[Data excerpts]
╔══

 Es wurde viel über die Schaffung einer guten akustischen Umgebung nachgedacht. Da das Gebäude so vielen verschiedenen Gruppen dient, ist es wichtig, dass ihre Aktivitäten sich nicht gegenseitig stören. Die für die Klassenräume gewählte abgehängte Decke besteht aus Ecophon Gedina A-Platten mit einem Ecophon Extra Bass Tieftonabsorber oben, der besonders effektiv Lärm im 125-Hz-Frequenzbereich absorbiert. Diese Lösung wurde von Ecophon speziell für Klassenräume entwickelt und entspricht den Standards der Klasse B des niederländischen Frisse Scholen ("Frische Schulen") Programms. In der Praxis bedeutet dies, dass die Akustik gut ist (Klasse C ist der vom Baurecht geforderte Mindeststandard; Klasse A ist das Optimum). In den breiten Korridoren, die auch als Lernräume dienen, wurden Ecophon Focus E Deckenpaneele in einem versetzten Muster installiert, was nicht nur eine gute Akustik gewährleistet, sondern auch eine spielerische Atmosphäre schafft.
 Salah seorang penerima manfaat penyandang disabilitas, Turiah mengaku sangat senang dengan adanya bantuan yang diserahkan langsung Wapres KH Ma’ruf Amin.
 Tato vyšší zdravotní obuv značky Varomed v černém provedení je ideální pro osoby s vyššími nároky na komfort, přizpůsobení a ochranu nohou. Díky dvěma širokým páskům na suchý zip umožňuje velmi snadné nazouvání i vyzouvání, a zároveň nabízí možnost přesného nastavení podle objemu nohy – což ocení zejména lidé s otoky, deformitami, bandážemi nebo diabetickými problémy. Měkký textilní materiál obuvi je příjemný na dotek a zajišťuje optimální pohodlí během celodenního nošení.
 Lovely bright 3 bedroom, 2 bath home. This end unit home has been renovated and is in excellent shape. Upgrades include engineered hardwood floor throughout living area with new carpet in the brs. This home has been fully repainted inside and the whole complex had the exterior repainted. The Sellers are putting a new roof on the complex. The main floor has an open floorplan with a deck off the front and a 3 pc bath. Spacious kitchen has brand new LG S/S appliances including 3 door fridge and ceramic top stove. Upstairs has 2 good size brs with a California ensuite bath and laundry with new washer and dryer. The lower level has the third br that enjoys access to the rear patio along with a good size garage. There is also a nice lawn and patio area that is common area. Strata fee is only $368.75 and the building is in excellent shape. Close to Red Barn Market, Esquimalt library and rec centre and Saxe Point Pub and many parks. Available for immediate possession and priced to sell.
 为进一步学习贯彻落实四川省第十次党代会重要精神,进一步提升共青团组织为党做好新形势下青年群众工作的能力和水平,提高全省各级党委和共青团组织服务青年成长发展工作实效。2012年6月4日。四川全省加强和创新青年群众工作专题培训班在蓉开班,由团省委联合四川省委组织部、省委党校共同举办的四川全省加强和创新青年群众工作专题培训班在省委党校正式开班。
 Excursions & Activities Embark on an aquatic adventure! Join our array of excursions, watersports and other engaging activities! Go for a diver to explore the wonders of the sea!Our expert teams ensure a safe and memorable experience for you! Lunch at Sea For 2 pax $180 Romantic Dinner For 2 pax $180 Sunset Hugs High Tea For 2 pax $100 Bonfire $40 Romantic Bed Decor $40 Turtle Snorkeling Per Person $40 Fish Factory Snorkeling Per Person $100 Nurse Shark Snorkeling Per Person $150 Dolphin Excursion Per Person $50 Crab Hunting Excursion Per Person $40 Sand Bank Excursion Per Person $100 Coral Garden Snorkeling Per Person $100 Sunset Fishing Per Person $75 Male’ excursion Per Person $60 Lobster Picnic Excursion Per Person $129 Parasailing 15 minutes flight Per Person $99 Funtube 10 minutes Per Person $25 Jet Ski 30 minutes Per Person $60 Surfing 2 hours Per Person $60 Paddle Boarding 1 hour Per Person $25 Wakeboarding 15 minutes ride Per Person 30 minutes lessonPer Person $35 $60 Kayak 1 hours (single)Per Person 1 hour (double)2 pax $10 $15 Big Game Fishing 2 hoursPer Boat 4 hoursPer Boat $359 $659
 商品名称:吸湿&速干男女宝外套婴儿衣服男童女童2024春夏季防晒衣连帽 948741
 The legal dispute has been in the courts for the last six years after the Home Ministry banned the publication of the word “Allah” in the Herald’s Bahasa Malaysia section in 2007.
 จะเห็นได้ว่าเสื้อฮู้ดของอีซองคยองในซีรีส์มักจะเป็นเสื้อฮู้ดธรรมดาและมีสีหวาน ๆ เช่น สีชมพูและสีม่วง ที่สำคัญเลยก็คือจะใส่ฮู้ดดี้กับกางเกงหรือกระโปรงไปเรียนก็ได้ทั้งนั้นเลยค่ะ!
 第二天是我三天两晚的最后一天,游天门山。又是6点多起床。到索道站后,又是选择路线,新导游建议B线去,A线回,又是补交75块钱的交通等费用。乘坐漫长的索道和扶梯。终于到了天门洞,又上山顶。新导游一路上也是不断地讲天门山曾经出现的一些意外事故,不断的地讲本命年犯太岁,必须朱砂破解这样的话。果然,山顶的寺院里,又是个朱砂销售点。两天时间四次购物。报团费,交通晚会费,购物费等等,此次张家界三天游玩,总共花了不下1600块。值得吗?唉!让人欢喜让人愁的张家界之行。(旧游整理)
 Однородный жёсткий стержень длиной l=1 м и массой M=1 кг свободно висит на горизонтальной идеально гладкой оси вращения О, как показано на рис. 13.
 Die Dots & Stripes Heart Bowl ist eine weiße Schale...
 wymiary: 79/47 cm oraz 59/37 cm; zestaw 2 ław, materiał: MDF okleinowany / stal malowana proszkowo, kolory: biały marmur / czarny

╚══

Instructions to follow
From the line with "Die Dots & Stripes" to the final line of the entries above, return every line exactly as written.

Response to this task
 Die Dots & Stripes Heart Bowl ist eine weiße Schale...
 wymiary: 79/47 cm oraz 59/37 cm; zestaw 2 ław, materiał: MDF okleinowany / stal malowana proszkowo, kolory: biały marmur / czarny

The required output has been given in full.